Was the badness in futex_wait problem ever resolved?
-- Jamie
No, I still get them in 2.6.4
To my knowledge, they only happen when one thread is blocked in a system
call
and another thread makes a system("foo bar") call.
The blocked thread will return with EINTR.
I see this usually in sem_wait, but also in epoll_wait sometimes.
Is it possible system() is causing the wrong process to get woken up?
Let me know if you need any further information, I can reproduce it
consistently.
Jamie Lokier wrote:
>Was the badness in futex_wait problem ever resolved?
>
>-- Jamie
>
>
Dirk Morris wrote:
> Let me know if you need any further information, I can reproduce it
> consistently.
If you have a small test program (or pair of programs) that
consistently triggers this message on any machine running 2.6.4, that
would be very helpful indeed.
-- Jamie
Jamie Lokier wrote:
>If you have a small test program (or pair of programs) that
>consistently triggers this message on any machine running 2.6.4, that
>would be very helpful indeed.
>
>
Here ya go. :)
* $Id: foo.c,v 1.00 2004/03/31 10:51:19 dmorris Exp $ */
/* gcc foo.c -o foo -pthread */
#include <stdlib.h>
#include <stdio.h>
#include <unistd.h>
#include <pthread.h>
#include <semaphore.h>
sem_t sem;
void* make_system_call (void* arg)
{
while(1) {
sleep(1);
system("/bin/true");
}
return NULL;
}
int main(void)
{
pthread_t id;
sem_init(&sem,0,0);
pthread_create(&id,NULL,make_system_call,NULL);
while (sem_wait(&sem)<0)
perror("sem_wait");
return 0;
}
Output for me is :
~ # uname
-a
[dmorris @ gobbles]
Linux gobbles 2.6.4 #2 SMP Mon Mar 29 17:15:08 PST 2004 i686 GNU/Linux
~ #
./foo
[dmorris @ gobbles]
sem_wait: Interrupted system call
sem_wait: Interrupted system call
sem_wait: Interrupted system call
sem_wait: Interrupted system call
...
meanwhile kern.log spits out:
Mar 30 16:40:23 gobbles kernel: Badness in futex_wait at kernel/futex.c:508
Mar 30 16:40:23 gobbles kernel: Call Trace:
Mar 30 16:40:23 gobbles kernel: [<c0139a28>] futex_wait+0x1a8/0x1c0
Mar 30 16:40:23 gobbles kernel: [<c011efc0>] default_wake_function+0x0/0x20
Mar 30 16:40:23 gobbles kernel: [<c011efc0>] default_wake_function+0x0/0x20
Mar 30 16:40:23 gobbles kernel: [<c012d020>] do_timer+0xc0/0xd0
Mar 30 16:40:23 gobbles kernel: [<c0139d30>] do_futex+0x70/0x80
Mar 30 16:40:23 gobbles kernel: [<c0139e64>] sys_futex+0x124/0x140
Mar 30 16:40:23 gobbles kernel: [<c015ef11>] sys_write+0x61/0x70
Mar 30 16:40:23 gobbles kernel: [<c01095db>] syscall_call+0x7/0xb
Mar 30 16:40:23 gobbles kernel:
I can do this on multiple machines, so I won't include all the box info.

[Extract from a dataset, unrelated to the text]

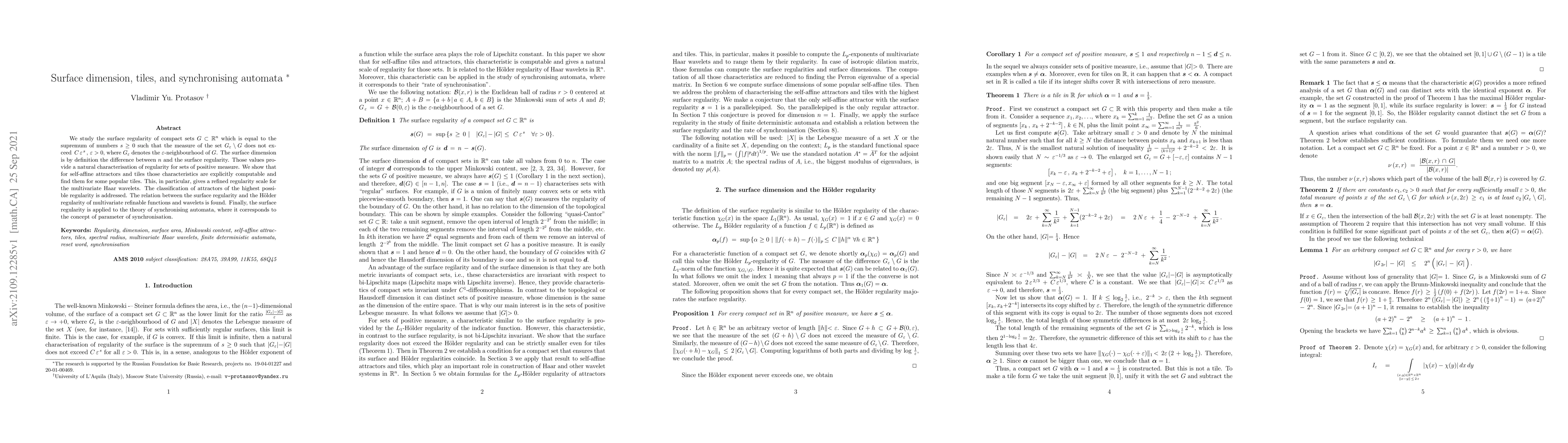 This paper investigates the surface regularity of compact sets in $R^n$ and its relation to the difference between the dimension $n$ and the surface regularity, providing a characterization for sets of positive measure. It computes these values for self-affine attractors and tiles, including a refined regularity scale for multivariate Haar wavelets, and applies the concept to synchronizing automata.
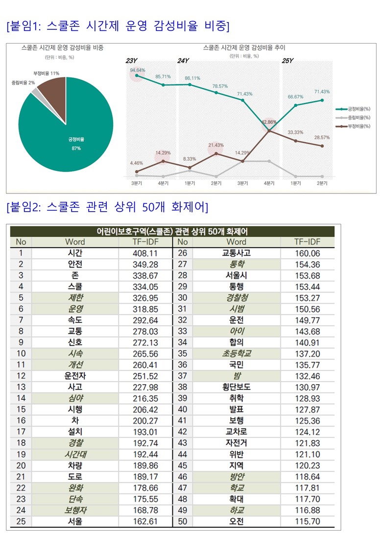 윤영희 서울시의원(국민의힘, 비례대표)이 ㈜골든플래닛에 의뢰해 온라인 커뮤니티 여론을 분석한 결과, 스쿨존 시간제 운영에 대한 긍정 의견이 87%에 달해 시민들의 압도적 찬성 여론이 형성된 것으로 나타났다. 이번 결과는 현행 규제가 시민들의 실생활에 미치는 불편이 상당하며, 안전성과 효율성을 동시에 고려한 제도 개선이 시급함을 보여줬다. [붙임1]

If you need it let me know.
Thanks! :)
-Dirk
On Thu, 2004-04-01 at 02:56, Jamie Lokier wrote:
> Was the badness in futex_wait problem ever resolved?
No: Andrew misapplied the patches for ages and ended up ditching it. We
tried a different version but there was a bug which meant real wakups
triggered it...
Here is the current version...
Name: Who's Spuriously Waking Futexes?
Author: Andrew Morton, Rusty Russell
Status: Tested on 2.6.3-bk1
Someone is triggering the WARN_ON() in futex.c. We know that software
suspend could do it, in theory. But noone else should be.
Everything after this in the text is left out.